* [Required work]
An unchanged copy of all the lines below is expected, and it should contain no pictures.
BEGIN Records
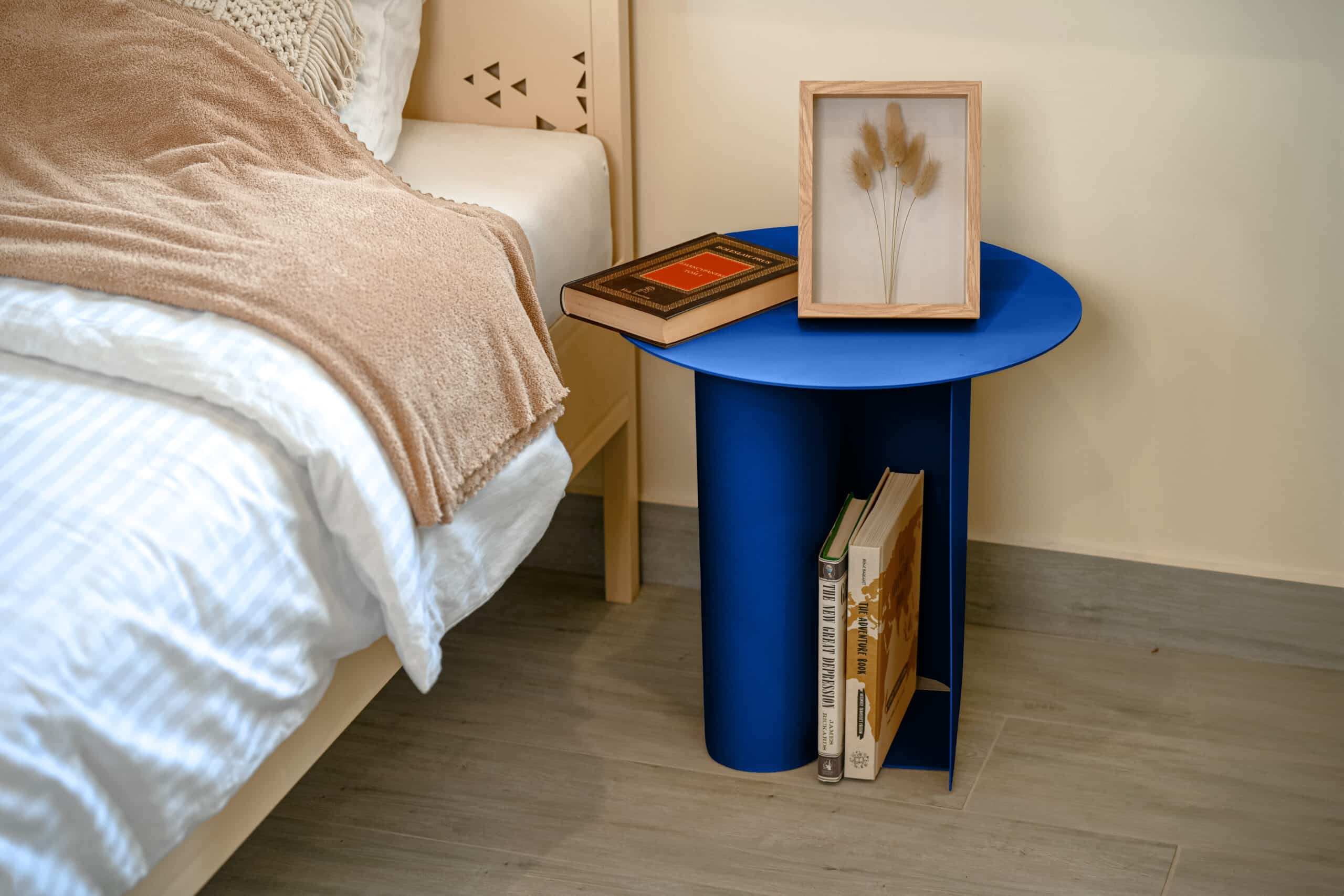 Dieser Tisch wurde mit zwei integrierten Bücherfächern entworfen und hilft Ihnen, Ordnung zu halten, während Sie Ihre Lieblingslektüre, E-Reader oder täglichen Accessoires in Reichweite und ordentlich verstaut aufbewahren. Das helle, digital inspirierte blaue Finish ist perfekt für alle, die Originalität schätzen und ihrem Zuhause eine frische, ausdrucksstarke Energie verleihen möchten.
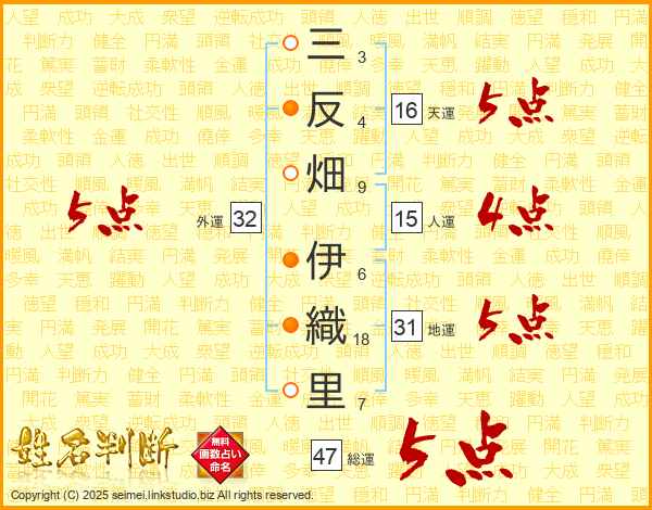 三反畑伊織里さんの総運は47画の5点!
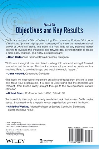 From the framework’s inception in the 1980s to its popularity in today’s hyper-competitive environment, OKRs make work more engaging and feature frequent feedback cycles that enable workers to see the progress they make at work each and every day. This book shows you everything you need to know to implement OKRs effectively. Understand the basics of OKRs and their day-to-day useLearn how to gain the executive support critical to a successful implementationMaintain an effective program with key assessment tips Tailor the OKRs framework to your organization’s needs Objectives and Key Results is your key resource for designing, planning, implementing, and maintaining your OKRs program for sustainable company-wide success.
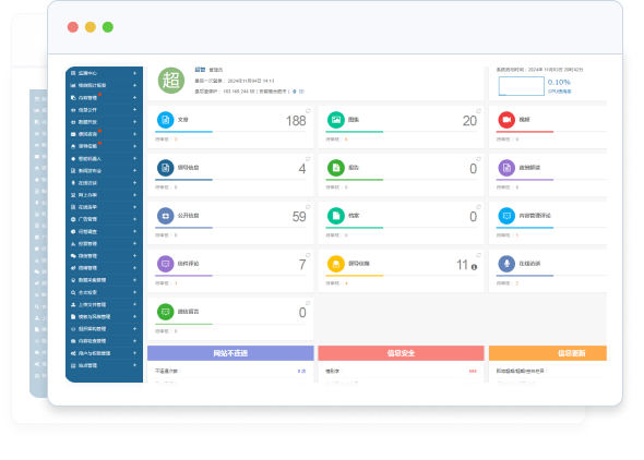 我的工作臺(tái)首頁依據(jù)用戶權(quán)限,集中展示各模塊的統(tǒng)計(jì)數(shù)據(jù)、待審核信息及監(jiān)測中心相關(guān)數(shù)據(jù),用戶可通過點(diǎn)擊相應(yīng)數(shù)字直接跳轉(zhuǎn)至對應(yīng)模塊進(jìn)行處理。
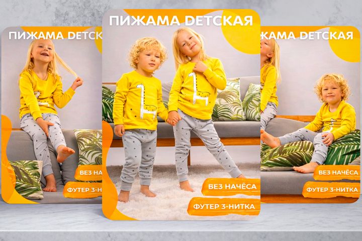 Ко мне обратились с задачей разработать продающие карточки товара для детской пижамы на маркетплейсе Wildberries. Основная цель — выделить товар среди конкурентов, повысить кликабельность и конверсию в покупку. Важно было создать яркий, понятный и эмоционально привлекательный визуал, ориентированный на родителей.
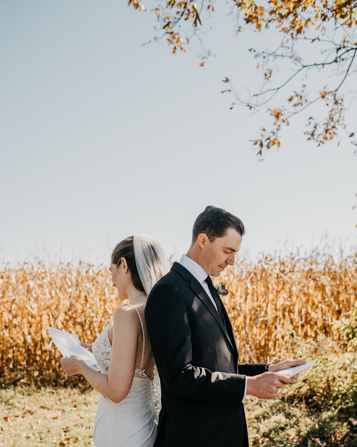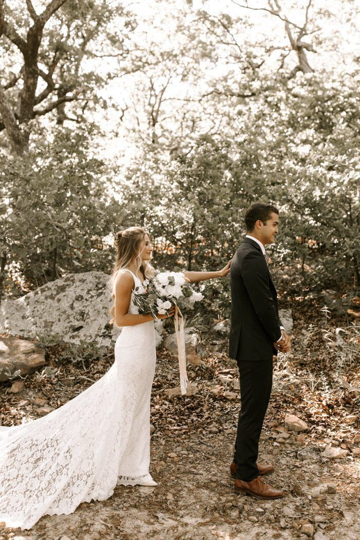 Add depth and reflection to your First Look by starting back-to-back and reading letters you've written for each other. It builds anticipation and gives space for quiet emotion before turning around.
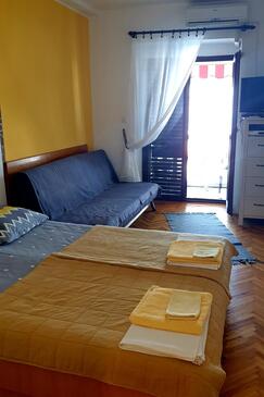 Az Apartman 3 főt tud fogadni. Az ágyak a/az 1 hálószobában vannak, melynek méretei 24m2. A forró nyári estéket a vendégek saját balkonukon élvezhetik. Az apartmanból tengerre néző kilátás nyílik. A közös barbecue-helyet a vendég szabadon használhatja.
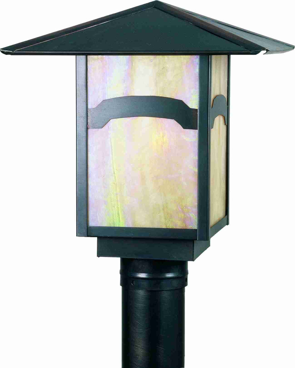 An Arts and Crafts Mountain View recurved bar accents this handsome American Craftsman lantern style post mount. The fixture, handcrafted in the USA by Meyda artisans, is finished in Craftsman Brown and has Iridized Beige glass panels.
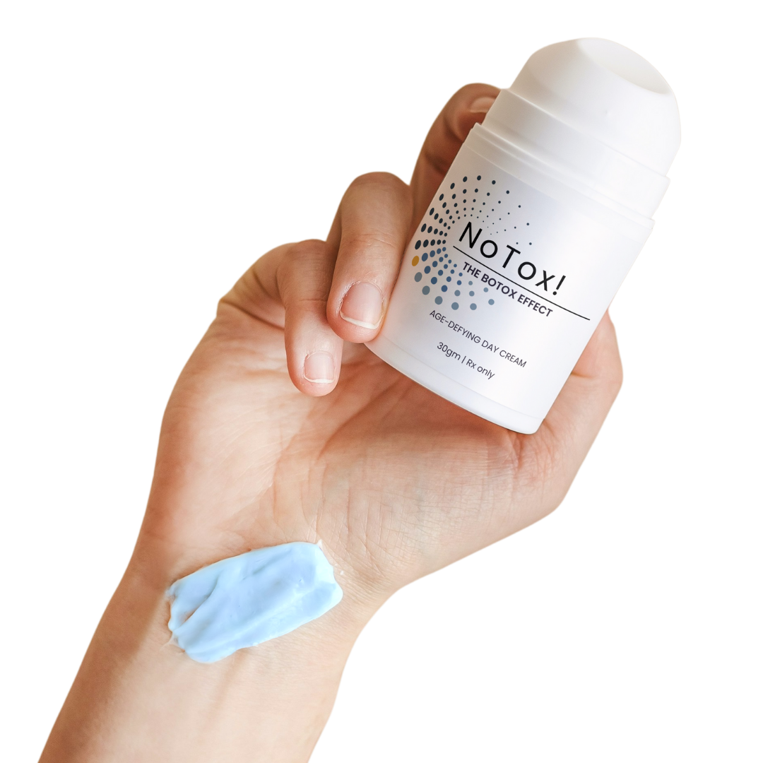 No-Tox! is a prescription-strength peptide cream designed to smooth expression lines and rejuvenate skin during the day—without injections. It features a powerful blend of Leuphasyl® and Argireline®, peptides shown to relax facial muscles and reduce wrinkle depth, mimicking the effects of Botox naturally. DMAE provides firming support, GHK-Cu copper peptide stimulates collagen and tissue repair, and hyaluronic acid delivers deep hydration.
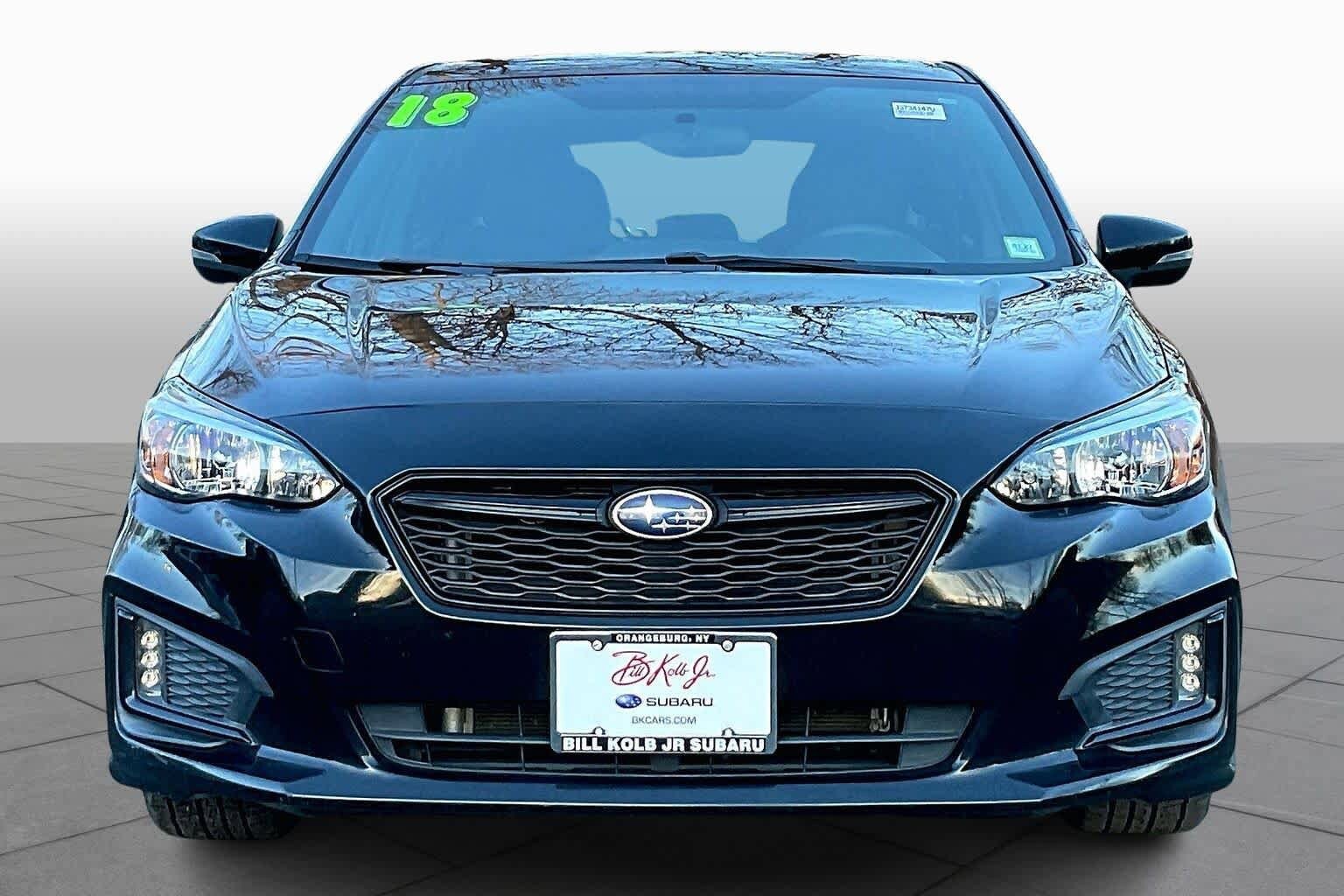 Crystal Black Silica exterior and Black interior. Heated Seats, iPod/MP3 Input, Satellite Radio, All Wheel Drive, Aluminum Wheels, Back-Up Camera. You expect fair & competitive pricing. Thats why the price is based on current market data and is regularly compared to similar pre-owned vehicles in the region. Every vehicle is thoroughly inspected and comes with a complimentary vehicle history report. Need Financing? Apply in minutes with all terms and conditions clearly disclosed upfront. Avoid bumps in the road! Adding a service contract can help prevent future unexpected expenses from arising. Available for most purchases. First off, if you're in the market for a traditional compact car with the stable traction provided by all-wheel drive, you can end your search with the 2018 Subaru Impreza. Its the only car in its class to offer it. -Edmunds.com. This Impreza is priced $2,600 below J.D. Power Retail. At our Subaru dealership, we believe in being transparent and straightforward. All our salaried sales consultants do not work in a commission-based fashion but instead are incentivized on customer satisfaction. So, theres no need to haggle. Everything you see is just what you get!
END Records
* [Task output]
 Dieser Tisch wurde mit zwei integrierten Bücherfächern entworfen und hilft Ihnen, Ordnung zu halten, während Sie Ihre Lieblingslektüre, E-Reader oder täglichen Accessoires in Reichweite und ordentlich verstaut aufbewahren. Das helle, digital inspirierte blaue Finish ist perfekt für alle, die Originalität schätzen und ihrem Zuhause eine frische, ausdrucksstarke Energie verleihen möchten.
 三反畑伊織里さんの総運は47画の5点!
 From the framework’s inception in the 1980s to its popularity in today’s hyper-competitive environment, OKRs make work more engaging and feature frequent feedback cycles that enable workers to see the progress they make at work each and every day. This book shows you everything you need to know to implement OKRs effectively. Understand the basics of OKRs and their day-to-day useLearn how to gain the executive support critical to a successful implementationMaintain an effective program with key assessment tips Tailor the OKRs framework to your organization’s needs Objectives and Key Results is your key resource for designing, planning, implementing, and maintaining your OKRs program for sustainable company-wide success.
 我的工作臺(tái)首頁依據(jù)用戶權(quán)限,集中展示各模塊的統(tǒng)計(jì)數(shù)據(jù)、待審核信息及監(jiān)測中心相關(guān)數(shù)據(jù),用戶可通過點(diǎn)擊相應(yīng)數(shù)字直接跳轉(zhuǎn)至對應(yīng)模塊進(jìn)行處理。
 Ко мне обратились с задачей разработать продающие карточки товара для детской пижамы на маркетплейсе Wildberries. Основная цель — выделить товар среди конкурентов, повысить кликабельность и конверсию в покупку. Важно было создать яркий, понятный и эмоционально привлекательный визуал, ориентированный на родителей.
 Add depth and reflection to your First Look by starting back-to-back and reading letters you've written for each other. It builds anticipation and gives space for quiet emotion before turning around.
 Az Apartman 3 főt tud fogadni. Az ágyak a/az 1 hálószobában vannak, melynek méretei 24m2. A forró nyári estéket a vendégek saját balkonukon élvezhetik. Az apartmanból tengerre néző kilátás nyílik. A közös barbecue-helyet a vendég szabadon használhatja.
 An Arts and Crafts Mountain View recurved bar accents this handsome American Craftsman lantern style post mount. The fixture, handcrafted in the USA by Meyda artisans, is finished in Craftsman Brown and has Iridized Beige glass panels.
 No-Tox! is a prescription-strength peptide cream designed to smooth expression lines and rejuvenate skin during the day—without injections. It features a powerful blend of Leuphasyl® and Argireline®, peptides shown to relax facial muscles and reduce wrinkle depth, mimicking the effects of Botox naturally. DMAE provides firming support, GHK-Cu copper peptide stimulates collagen and tissue repair, and hyaluronic acid delivers deep hydration.
 Crystal Black Silica exterior and Black interior. Heated Seats, iPod/MP3 Input, Satellite Radio, All Wheel Drive, Aluminum Wheels, Back-Up Camera. You expect fair & competitive pricing. Thats why the price is based on current market data and is regularly compared to similar pre-owned vehicles in the region. Every vehicle is thoroughly inspected and comes with a complimentary vehicle history report. Need Financing? Apply in minutes with all terms and conditions clearly disclosed upfront. Avoid bumps in the road! Adding a service contract can help prevent future unexpected expenses from arising. Available for most purchases. First off, if you're in the market for a traditional compact car with the stable traction provided by all-wheel drive, you can end your search with the 2018 Subaru Impreza. Its the only car in its class to offer it. -Edmunds.com. This Impreza is priced $2,600 below J.D. Power Retail. At our Subaru dealership, we believe in being transparent and straightforward. All our salaried sales consultants do not work in a commission-based fashion but instead are incentivized on customer satisfaction. So, theres no need to haggle. Everything you see is just what you get!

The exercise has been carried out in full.